The challenges for local authorities highlighted in Local Authorities and Social Determinants of Health include: the problems in developing effective partnerships between health and social care services (Chapter 4); the cost of care if you do not own your home (Chapter 12); addressing inequalities in the North East of England (Chapter 7); supporting children and families (Chapter 11); and protecting future generations (Chapters 15 and 20).

Locking down populations, to reduce the spread of the virus, has involved difficult decisions by governments, often choosing between protecting the health of people or the economy. The approach using traditional management tools and leadership strategies has been found to be wanting.

Complex or wicked issues may be approached from multiple, sometimes competing, perspectives and may have multiple possible solutions (Conklin et al, 2017). Identifying ‘a social or cultural problem that is difficult or impossible to solve due to; incomplete or contradictory knowledge, the number of people and opinions involved, the large economic burden, and the interconnected nature of these problems with other problems’ (Rittel and Webber, 1977) is a first step in developing leadership in the public, private and third sectors.

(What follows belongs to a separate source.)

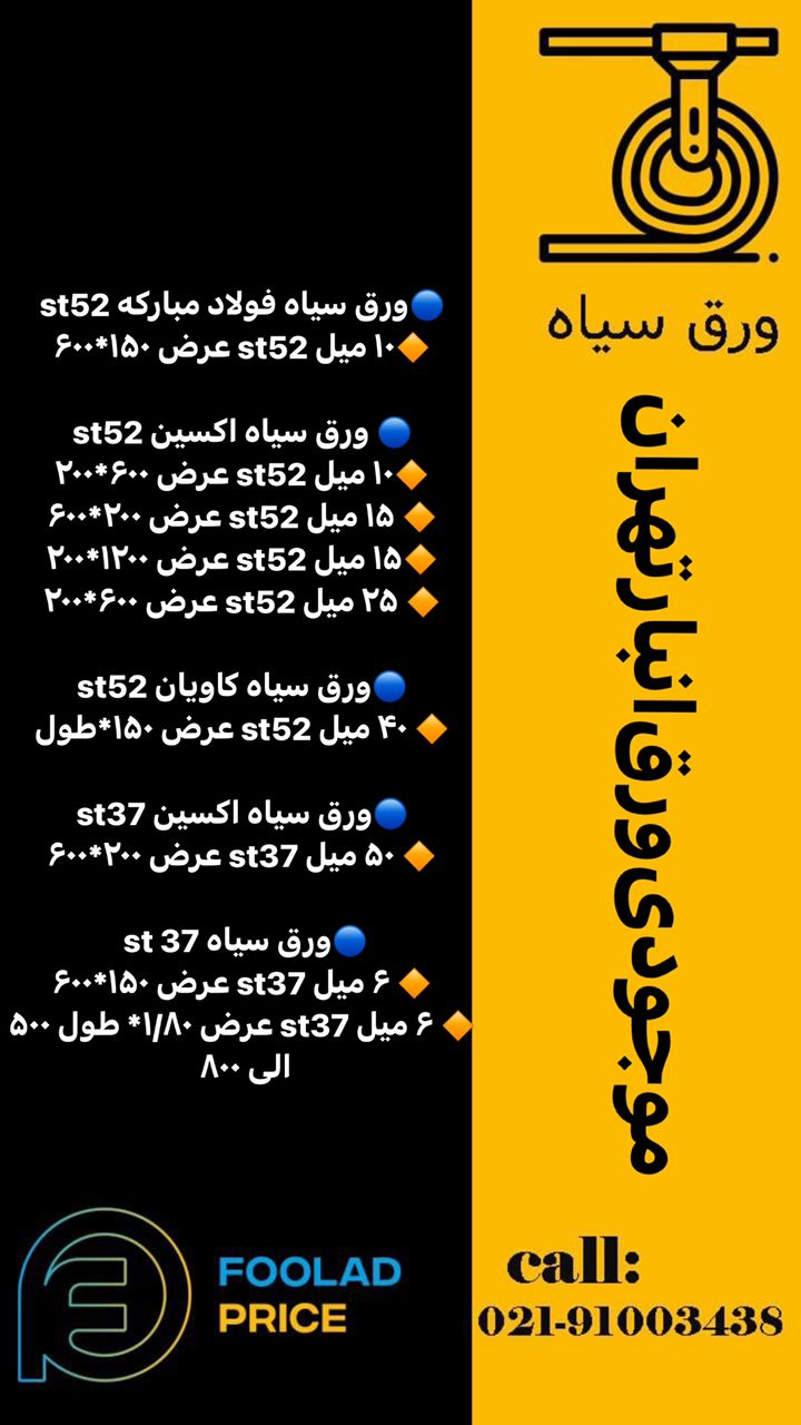 🔵 ورق سیاه اکسین st52 🔶۱۰ میل st52 عرض ۶۰۰*۲۰۰ 🔶 ۱۵ میل st52 عرض ۲۰۰*۶۰۰ 🔶۱۵ میل st52 عرض ۱۲۰۰*۲۰۰ 🔵ورق سیاه کاویان st52 🔶 ۴۰ میل st52 عرض ۱۵۰*طول 🔵ورق سیا ...

Navigating wicked issues within a social determinants of health framework can help in managing responses to the issues. In Chapter 1, Simmons proposes that such navigation is based on the ‘value that is created when the insights from different patterns of social relations are combined in the search for greater clarity about the path ahead’, such that ‘the impossible becomes possible when you can see it from a different point of view’. This chapter explores the nature of public services leadership using the COVID-19 crisis as a reference. Crises are true wicked issues; they are complex and defy routine, technical solutions. The literature reviewed in this chapter highlights the importance of the collective dimensions of leadership, how it involves a social influence process through which improvised (‘clumsy’) coordination and partnership emerge. The novel notion of a relational dividend is defined here as the sum total of benefits (or ‘combined added value’) that accrue from an investment in relational work.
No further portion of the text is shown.